Она не сразу осознала, что с нею произошло. Долгое время Татьяне казалось, что она просто чудом выжила. Перетерпела, переждала, переболела, осталась, чуть живая, как после тяжёлой горячки, когда силы возвращаются медленно, а мир кажется слишком громким и слишком ярким. Но теперь, сидя у этого самого окна, она поймала себя на странной мысли: она больше не боится своего прошлого. Она может думать о нём — о том письме, о том саде, о том взгляде — и не задыхаться.
Это было не столько попыткой забвения, сколько поиском ПОНИМАНИЯ, которое есть самая надёжная броня, какую только может выковать душа.
Её память стала театром теней. Оттуда в её взгляд, устремлённый в пустоту, изредка проникала и вспыхивала БОЛЬ. Вперемешку со странной, горькой, всё ещё похожей на любовь ПРИЗНАТЕЛЬНОСТЬЮ за те редкие мгновения, когда в его глазах мелькало что-то похожее на ответное понимание, эта боль всё ещё давала о себе знать.
Эта короткая вспышка была подобна маленькому пламени спички, в темноте, осветившей на секунду знакомые черты лица и внезапно погасшей. Её лицо, когда-то носившее отпечаток той ОТКРЫТОСТИ, которая ещё не научилась защищаться, теперь наконец-то стало поразительно СПОКОЙНЫМ и НЕПРОНИЦАЕМЫМ. Оно напоминало поверхность лесного озера поздней осенью: внятное, гладкое, но не отражающее ничего, кроме серого неба.
Тогда, в деревне, любовь явилась к ней как нечто цельное и неразделимое. Как ЖАР. Как ДРОЖЬ. Как ВНЕЗАПНОЕ ОЩУЩЕНИЕ того, что воздух стал другим, что ночи больше не темны, что звёзды говорят на языке, которого она не знала, но понимала сердцем. Она не могла объяснить это себе. Она могла только полностью наполнить себя этим чувством, отдаться ему без остатка и стать воплощением ЛЮБВИ. И в этом была её слабость и её сила.
Теперь же она знала: СЫРОЕ ЧУВСТВО ВЛЮБЛЁННОСТИ не имеет имени. Оно, как огонь, греет или даже обжигает тебя, но гаснет, особенно не поддерживаемое никем ДРУГИМ.
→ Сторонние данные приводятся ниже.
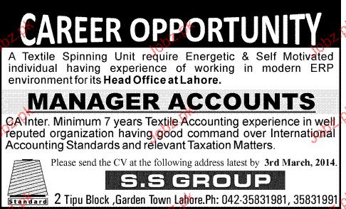 Manager Accounts Job Opportunity

Вспоминая своё письмо к Онегину, она пыталась обозначить пламя СЛОВОМ, но не знала ещё, как это делается. Она назвала своё чувство любовью — и ошиблась. Она назвала его судьбой — и снова ошиблась. Она приписала ему СМЫСЛЫ, которых в нём не было, потому что её сознание было слишком юным, слишком книжным, слишком доверчивым к словам. Она приняла Онегина за героя своего романа, дорисовала ему черты, которых он не имел. Чувство пыталось проникнуть в сознание, но получалось это криво — она ещё не умела ОТДЕЛЯТЬ РЕАЛЬНОСТЬ ОТ ВЫМЫСЛА.
Но главное она сделала верно: она остановилась. Она сказала себе: «Я чувствую». И попыталась записать это. Пусть криво, пусть наивно, пусть через чужие романы — но она начала ПЕРЕВОД - с языка чувств на язык разума.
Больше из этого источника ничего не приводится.